*What to work on*:
Exclude all pictures from your copy of the data below, which should otherwise match exactly.
== Data ==
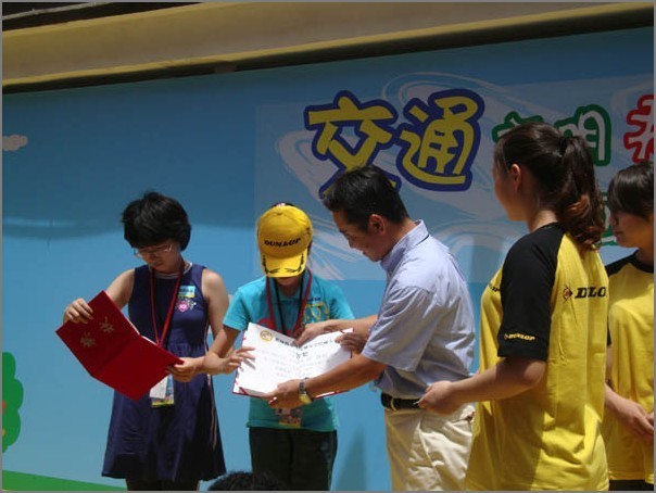 ??????? 本次的少兒交通安全繪畫大賽,征集了來自上海、北京、廣州、大連等24所小學的在校學生創(chuàng)作的繪畫作品,并得到了少年日報總編杜曉峰先生、上海寓教于樂投資管理有限公司 總經(jīng)理 朱寅先生的大力支持,讓優(yōu)秀的繪畫作品走入了世博會?,F(xiàn)在,優(yōu)秀的作品評選已經(jīng)結(jié)束,經(jīng)過將近一個月的嚴格評選,一等獎1名、二等獎2名、三等獎10名的獲獎名單已經(jīng)確定,最終上海的浦明師范附屬小學的葉文妍同學獲得了本次少兒繪畫大賽的一等獎。7月25日,在上海世博園內(nèi)舉辦的盛大頒獎典禮上,獲獎的小同學們在歡樂的氣氛中接過了由住友橡膠(常熟)有限公司總經(jīng)理野尻恭先生、副總經(jīng)理西口豪一先生、少年日報社總編杜曉峰先生頒發(fā)的證書及獎品,并獲得了暢游世博會的邀請。在頒獎典禮的現(xiàn)場,所有優(yōu)勝的獲獎作品都被擺放在Abilia育樂灣的鄧祿普體驗區(qū)內(nèi),吸引了來自各地的眾多游客的目光。在歡樂的氣氛中,獲獎的小同學們攜手開始世博會的游覽,至此,由鄧祿普舉辦的少兒交通安全繪畫大賽畫上了圓滿的句號,不過這對于鄧祿普公司來說,將是下一個交通安全推廣活動的起點,請讓我們大家拭目以待,鄧祿普在2011年,再次為我們奉上更加生動交通安全活動吧。
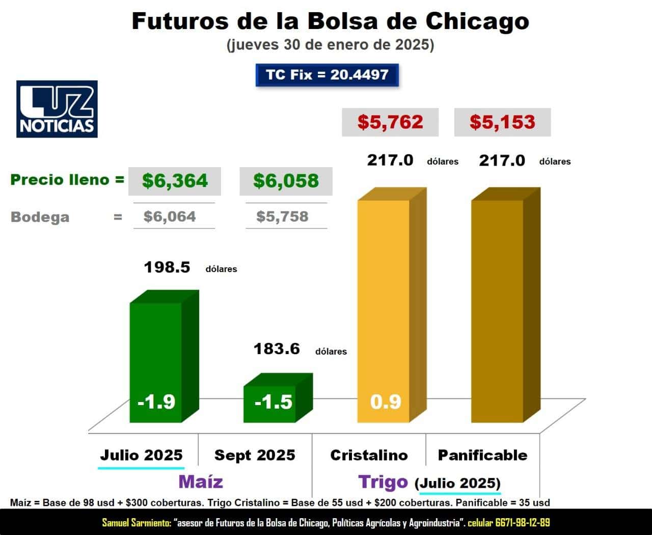 Los futuros de maíz con vencimiento en julio de 2025 registraron una pérdida de 1.9 dólares, situándose en 198.5 dólares por tonelada. Esto equivale a un precio en bodega de $6,064 por tonelada de maíz, que, sumado al apoyo que se anunció por el Gobierno Federal de $300 por coberturas, da un precio total de $6,364 por tonelada.
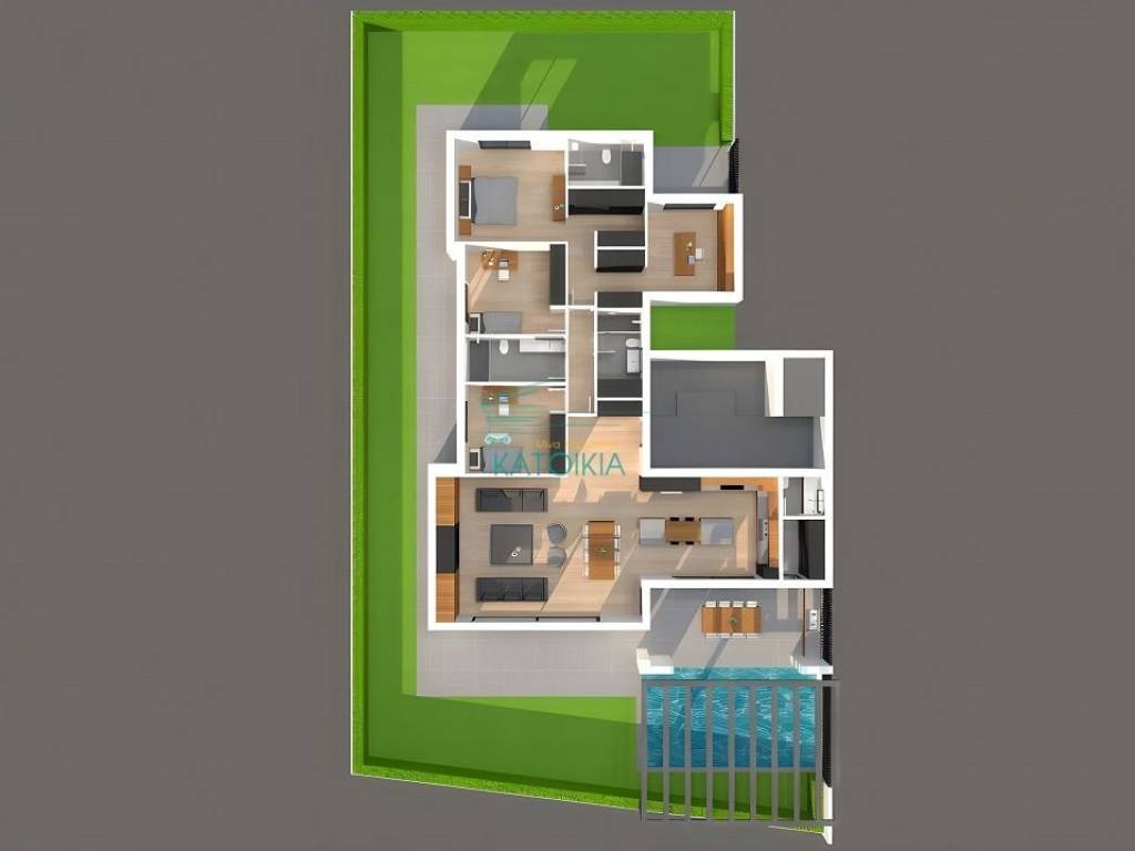 HOLARGOS, Apartment 186 sq.m., painted, 1 level, ground floor, for students, luxurious, for investment, at residential area, year of construction 2026, n/a, with view park, 3 b/r, 1 master b/r, living room, fireplace, 3 bathrooms, kitchen, office, double-sided, front facing, bright, heating autonomous, air condition, floor heating, with energy class A+, with floor type n/a, with n/a joinery, double glass pane, double glazing, pest net, internal staircase, disabled access, electric car charging, door tv, security door, alarm, satellite dish, night discounted electricity, veranda, pets allowed, garden, swimming pool, storage room 14 sq.m., closed garage, 2 open garages, code 58324
===
*Response to this task*:
 ??????? 本次的少兒交通安全繪畫大賽,征集了來自上海、北京、廣州、大連等24所小學的在校學生創(chuàng)作的繪畫作品,并得到了少年日報總編杜曉峰先生、上海寓教于樂投資管理有限公司 總經(jīng)理 朱寅先生的大力支持,讓優(yōu)秀的繪畫作品走入了世博會?,F(xiàn)在,優(yōu)秀的作品評選已經(jīng)結(jié)束,經(jīng)過將近一個月的嚴格評選,一等獎1名、二等獎2名、三等獎10名的獲獎名單已經(jīng)確定,最終上海的浦明師范附屬小學的葉文妍同學獲得了本次少兒繪畫大賽的一等獎。7月25日,在上海世博園內(nèi)舉辦的盛大頒獎典禮上,獲獎的小同學們在歡樂的氣氛中接過了由住友橡膠(常熟)有限公司總經(jīng)理野尻恭先生、副總經(jīng)理西口豪一先生、少年日報社總編杜曉峰先生頒發(fā)的證書及獎品,并獲得了暢游世博會的邀請。在頒獎典禮的現(xiàn)場,所有優(yōu)勝的獲獎作品都被擺放在Abilia育樂灣的鄧祿普體驗區(qū)內(nèi),吸引了來自各地的眾多游客的目光。在歡樂的氣氛中,獲獎的小同學們攜手開始世博會的游覽,至此,由鄧祿普舉辦的少兒交通安全繪畫大賽畫上了圓滿的句號,不過這對于鄧祿普公司來說,將是下一個交通安全推廣活動的起點,請讓我們大家拭目以待,鄧祿普在2011年,再次為我們奉上更加生動交通安全活動吧。
 Los futuros de maíz con vencimiento en julio de 2025 registraron una pérdida de 1.9 dólares, situándose en 198.5 dólares por tonelada. Esto equivale a un precio en bodega de $6,064 por tonelada de maíz, que, sumado al apoyo que se anunció por el Gobierno Federal de $300 por coberturas, da un precio total de $6,364 por tonelada.
 HOLARGOS, Apartment 186 sq.m., painted, 1 level, ground floor, for students, luxurious, for investment, at residential area, year of construction 2026, n/a, with view park, 3 b/r, 1 master b/r, living room, fireplace, 3 bathrooms, kitchen, office, double-sided, front facing, bright, heating autonomous, air condition, floor heating, with energy class A+, with floor type n/a, with n/a joinery, double glass pane, double glazing, pest net, internal staircase, disabled access, electric car charging, door tv, security door, alarm, satellite dish, night discounted electricity, veranda, pets allowed, garden, swimming pool, storage room 14 sq.m., closed garage, 2 open garages, code 58324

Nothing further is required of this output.